Attempting to balance relative complications and recognizing the benefits of tracheotomy in long-term ventilation, recent literature and common practice have recommended that patients may remain transla- ryngeally intubated with relative safety for 14 days, after which a tracheotomy should be performed if extubation is not imminent. This timing is supported by observations that irreversible laryngeal injury from translaryngeal ETs becomes cumulative by day 10 of intubation. Furthermore, the risks of laryngeal injury from tracheotomy appear directly related to the duration of preceding ET intubation before surgery. Therefore, once a tracheotomy appears inevitable, it should be performed as soon as possible, thereby limiting the degree of laryngeal inflammation and patient discomfort from ET intubation.

The recommendation to limit ET intubation to 14 days has been transformed in many institutions into the clinical practice of avoiding consideration of tra­cheotomy until a requisite 14 days of intubation prompts the issue. This practice, as demonstrated by the present study, frequently delays the actual per­formance of tracheotomy beyond two to three weeks. These delays may result from surgical scheduling difficulties and by the clinicians recurrent unrealistic expectations that extubation will occur in “another few more days.” Recognition of the clinical features identified in this study may avoid subjecting patients with ARDS to an unnecessary gauntlet of 14 or more days of ET intubation if the need for long-term intubation and eventual tracheotomy is evident on day 7. Patients not fulfilling day 7 criteria for prolonged ventilation can be reevaluated daily in an effort to proceed to extubation and avoid tracheotomy. cialis soft tabs online

The majority of group 2 patients who required prolonged intubation died during their hospitalization for ARDS. The importance of recognizing the need for earlier tracheotomy persists, however, because the majority of these patients remained mentally alert and survived from 16 to 109 days after intubation. Trache­otomy, however, was not implemented for 7 to 51 days after onset of respiratory failure.
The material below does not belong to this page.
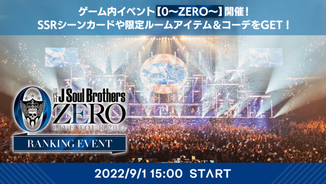 本日2022年9月1日(木) 15時より、三代目 J SOUL BROTHERSランキングイベント【0~ZERO~】を開催中です。累計イベントポイント報酬の他、ランキング報酬ではSSRシーンカードや限定ルームアイテム&コーデなどを獲得することができます。イベントをプレイして豪華アイテムをGETしましょう。

Since tracheotomy was eventually performed in an effort to improve patient comfort, facilitate communication and assist nursing care, these benefits would have contributed to well-being for a greater portion of these patients’ hospitalizations had the tracheotomy not been de­layed.

We limited the study to patients with ARDS because the clinical course, complications and outcome of patients with respiratory failure from diverse disorders such as ARDS, emphysema, neuromuscular disease and pneumonia differ sufficiently to affect clinical predictors of intubation duration. Consequently, how­ever, conclusions from the present study may not apply to patients undergoing mechanical ventilation who experience respiratory failure from etiologies other than ARDS. Additional studies investigating early clinical predictors of prolonged intubation in other conditions associated with respiratory failure are war­ranted.

In conclusion, previous studies indicate that most patients with ARDS should undergo initial intubation with ET tubes with the goal of achieving extubation within 14 days. The necessity of long-term intubation and likelihood of eventual tracheotomy, however, can be determined from clinical features apparent after seven days of ARDS, thereby allowing selection of patients for early tracheotomy. Although the specific clinical features that suggest prolonged intubation are interdependent to a degree, they serve to identify patients with severe ARDS who do not rapidly improve between the 7th and 14th days of respiratory failure. This approach avoids prolonging ET intubation in patients once eventual tracheotomy appears inevita­ble.